Behind the scenes, however, diplomacy again widened war aims during 1917. In February, France and Russia agreed on gains at German expense in east and west in the Doumergue Agreement, and Britain and Japan agreed on the disposal of Germany’s colonies in the Pacific. In April, Britain and France offered Italy a share of the spoils of the Ottoman Empire. At three conferences at Bad Kreuznach, Germany, in April, May, and August 1917, again Germany and Austria-Hungary agreed upon annexations, principally in Eastern Europe. On the other hand, diplomats made secret attempts at a diplomatic settlement. In September German Foreign Minister Kuhlmann approached Britain, offering to give up Germany’s gains in the west for a free hand in the east.

During the winter of 1917–1918 the peace talks between the Russians and Germans provided another opportunity for a general peace. The western powers resisted any peace of compromise brokered by socialists. Instead, in separate addresses in January 1918, Lloyd George (his Caxton Hall speech) and Wilson (his Fourteen Points speech) reaffirmed their liberal democratic ideals. Germany eventually imposed a harsh peace on the defeated Russians through the Brest-Litovsk Treaty of March 1918.

In spite of growing domestic discontent inside Germany, the German Army High Command insisted on a vast offensive to achieve a victory in France before U.S. troops could arrive in strength. The offensive was launched on 21 March 1918 and was initially successful. Allied counterattacks in July and August threw back the offensive, however, and an inexorable German retreat began. By September the military crisis was so serious that the German Army High Command buckled. A reformist government of liberals, democrats, and socialists was formed under Prince Max of Baden to pursue both domestic democratization and a negotiated peace. This government applied to Wilson for an armistice. The armistice was signed on 11 November 1918.
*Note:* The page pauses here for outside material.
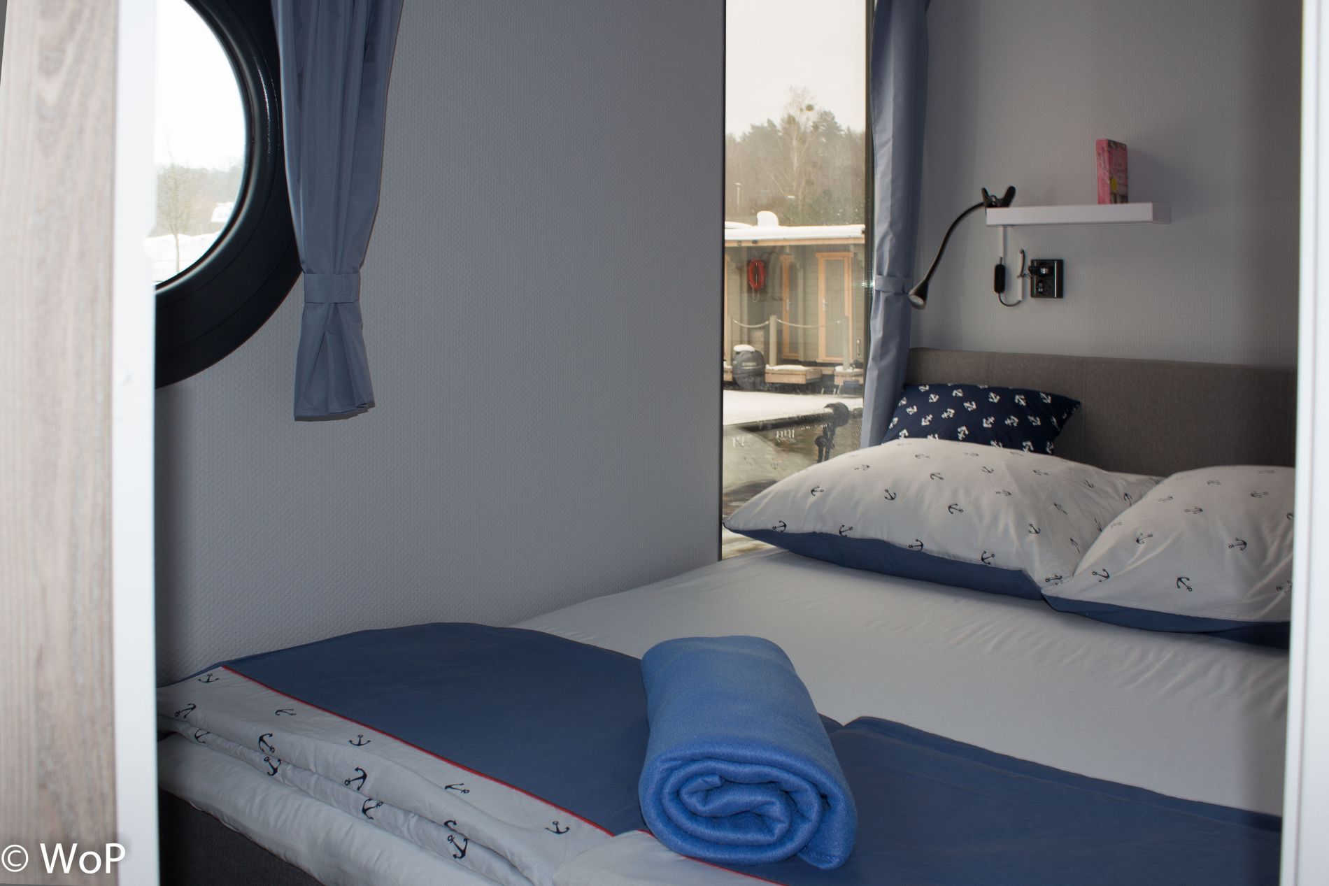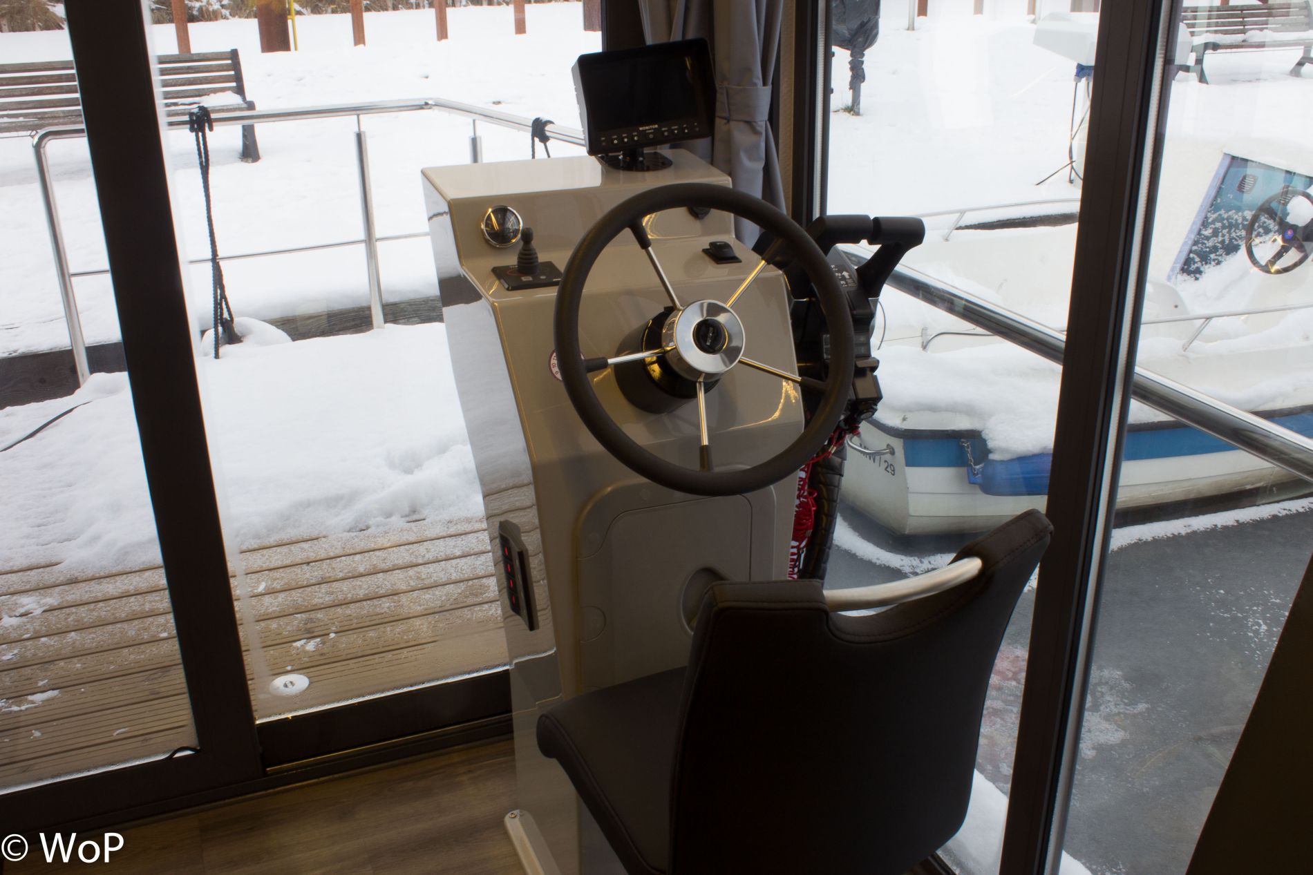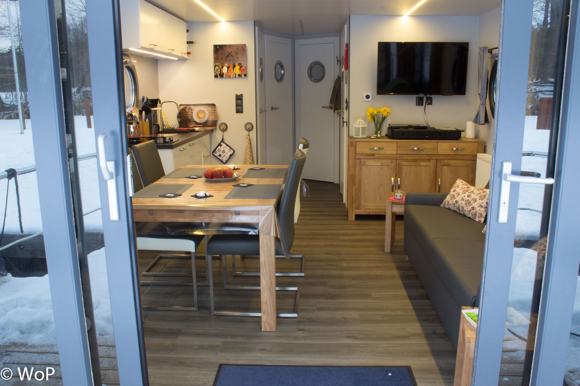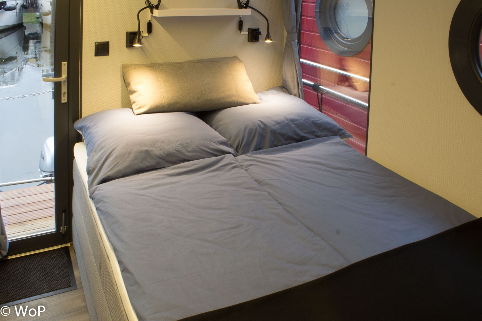 In the spacious living area you will find the helmstand with a height-adjustable chair, dining table with comfortable chairs, sofa (can be pulled out into a 1.60 m wide double bed), side tables (can also be used as stools), sideboard and kitchenette. The 1st bedroom has a box-spring double bed (1.40 m), panoramic windows and the door to the rear terrace. The 2nd bedroom has the same bed, panoramic window and porthole. Both bedrooms have wardrobes and generous storage space in the bed drawers. The bathroom is comfortably furnished with a shower, electric toilet, washbasin, porthole and electric fan, as well as a towel rail radiator. At the stern you will find another terrace with the outboard motors, the gas locker (can also be used as a bench), the bathing ladder and an outdoor shower. The bow terrace is easily accessible through the large patio doors. Garden chairs with cushions and tables are available on board.

The consequences of the war for Europe and the rest of the world in the twentieth century were enormous. The war transformed the territorial boundaries of Europe: three great conservative empires—the Russian, the German, and the Austro-Hungarian—were swept away. New states were created in Eastern Europe, most notably Poland, Czechoslovakia, and Yugoslavia. Huge social changes were starkly revealed. The “socialism of the trenches” undermined notions of class privilege. Democratic expectations were heightened, but disenchantment followed. The idea of “separate spheres” in gender relations was both challenged by women’s wider experience of work and reinforced by war propaganda lauding masculine militarism. The war radicalized the political ideologies of the prewar era. Liberalism wilted. The schism between democratic and revolutionary socialists became unbridgeable. Communism, promising liberation from capitalism and imperialism, was catapulted into world politics. Fascism (and National Socialism) erupted in response, promising salvation from Communism through militarist values, authoritarian politics, and racial purity. The propaganda techniques so ruthlessly deployed during the war to manage the masses inspired the dictators of the interwar years. The enormous cost of the war, which produced huge internal and international debts, contributed to the persistent postwar economic dislocation. In cultural terms the war provoked a pervasive cynicism, tension between the generations, religious doubt, and a profound antimilitarism. A vibrant and critical modernism emerged.